Extract readable main content from Xiaohongshu and other web pages.
Extracting clean, readable content from web pages — especially Xiaohongshu, WeChat, or JavaScript-heavy sites — is painful. This connector returns the main content of any URL as structured Markdown, with title, canonical URL, and content length.
| Parameter | Format | Example | Required |
|---|---|---|---|
url | string | https://www.xiaohongshu.com/explore/abcd1234 | Yes |
| Field | Type | Description |
|---|---|---|
title | string | The page title extracted from the document |
url | string | The canonical URL of the page |
contentLength | number | Character count of the extracted main content |
url: "https://www.xiaohongshu.com/explore/abcd1234"

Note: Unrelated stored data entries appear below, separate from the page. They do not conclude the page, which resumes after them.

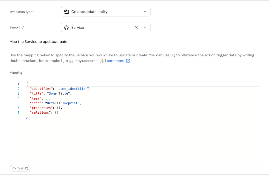 Field Description identifierUsed to identify the entity in your software catalog. If it already exists, the entity will be updated, otherwise it will be created. titleThe title of the entity. teamThe team/s this entity will belong to. iconThe icon of the entity. propertiesThe properties of the entity, in "key":"value"pairs where the key is the property's identifier, and the value is its value.relationsThe relations of the entity, in "key":"value"pairs where the key is the relation's identifier, and the value is the related entity's identifier (for single relations) or an array of identifiers (for "many" relations).
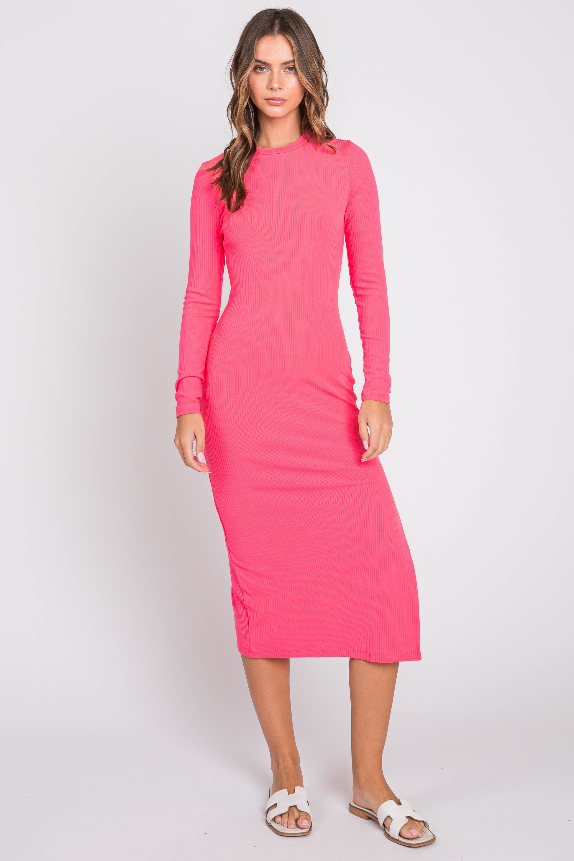 Pink Ribbed Mock Neck Long Sleeve Maternity Midi Dress
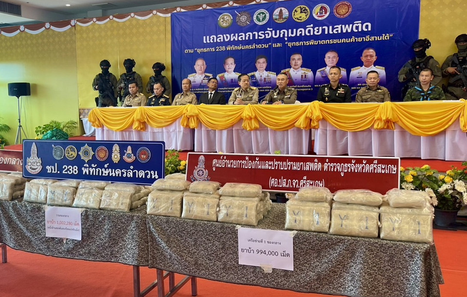 ผลการปฏิบัติการ "238 พิทักษ์นครลำดวน" จับกุมผู้ต้องหาคดียาเสพติด 2,974 คน ยึดยาบ้า 1.8 ล้านเม็ด พร้อมทรัพย์สินนักค้ายา มูลค่ากว่า 44 ล้านบาท ขยายผลเครือข่ายและร่วมมือประชาชนแจ้งเบาะแส
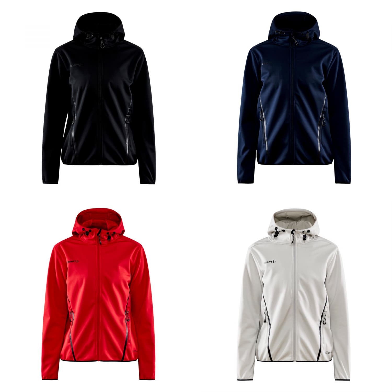 Craft Damen Softshelljacke ADV Explore Soft Shell Jacket. Innovative Softshelljacke aus recyceltem, winddichtem und wasserabweisendem Material mit weicher, gebürsteter Innenseite und hoher Elastizität. Mit zwei Seitentaschen mit Reißverschluss, Innentasche mit Reißverschluss, verstellbarer Kapuze und Gummizug am Saum und an den Ärmelenden. WP 8000 / MVP 3000. Material: 100% Polyester.
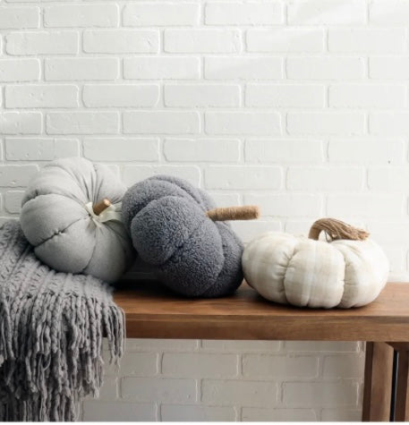 Add a touch of cozy charm to your Fall and Halloween decor with this Sherpa Grey Pumpkin Cushion. Its modern grey hue pairs perfectly with seasonal tones, while the soft sherpa texture invites snuggles. Finished with a rustic jute stem, it brings a playful yet stylish vibe to your space—perfect for festive gatherings or simply welcoming autumn’s cozy spirit. Measures 12" x 6" high. Polyester/Cotton.
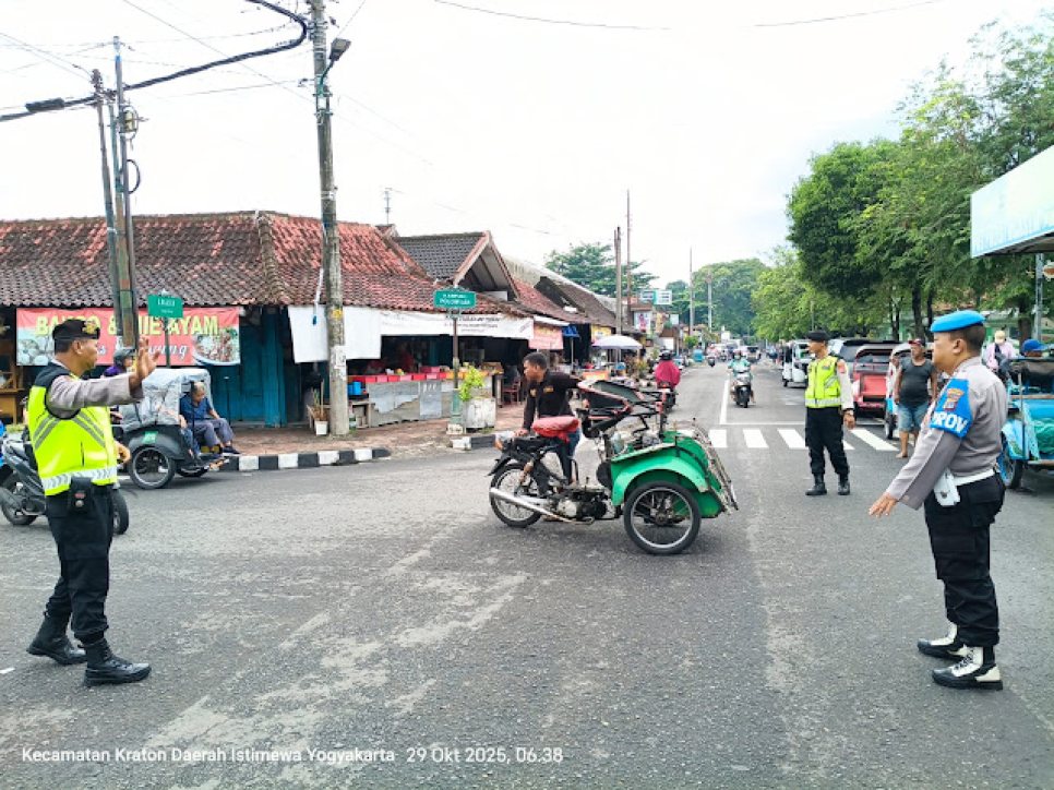Personel Polsek melaksanakan kegiatan Layanan Pagi berupa pengaturan arus lalu lintas di Simpang Pasar Ngasem, Kraton, Kota Yogyakarta, pada Rabu, 29 Oktober 2025 pagi.Kegiatan ini dilaksanakan oleh Kasi Propam Aiptu Prasetyo dan Panitia Samapta Aiptu Tri Yulianto, S.H. Kehadiran mereka di lokasi tersebut bertujuan untuk mengurai kepadatan yang sering terjadi di simpang jalan tersebut.

# URL Extract - Title: 10 Hidden Cafes in Shanghai You Must Visit - URL: https://www.xiaohongshu.com/explore/abcd1234 - Content Length: 2,340 characters
The Xiaohongshu note was successfully extracted. The main content is 2,340 characters and covers hidden cafe recommendations in Shanghai.
Last tested: 2026-03-10
| OAuth required | No |
| Managed auth | Included, no API key needed |
| Bring your own key (BYOK) | Not supported in v1 |
| Audit logged | Every request is logged with input, result, cost, and timestamps |
| Training acknowledgment | Not required |
Admins can restrict this connector via blacklist or whitelist in the admin panel.
Paste a note URL and get the title, content, and character count.
Feed a URL to this connector, then chain the output to a summarizer.
Any publicly accessible web page. Xiaohongshu and WeChat articles are specifically tested and optimized.
No. It extracts the main readable content (similar to reader mode) and returns it as Markdown.
Extraction will fail for pages that require authentication. Only publicly accessible content is supported.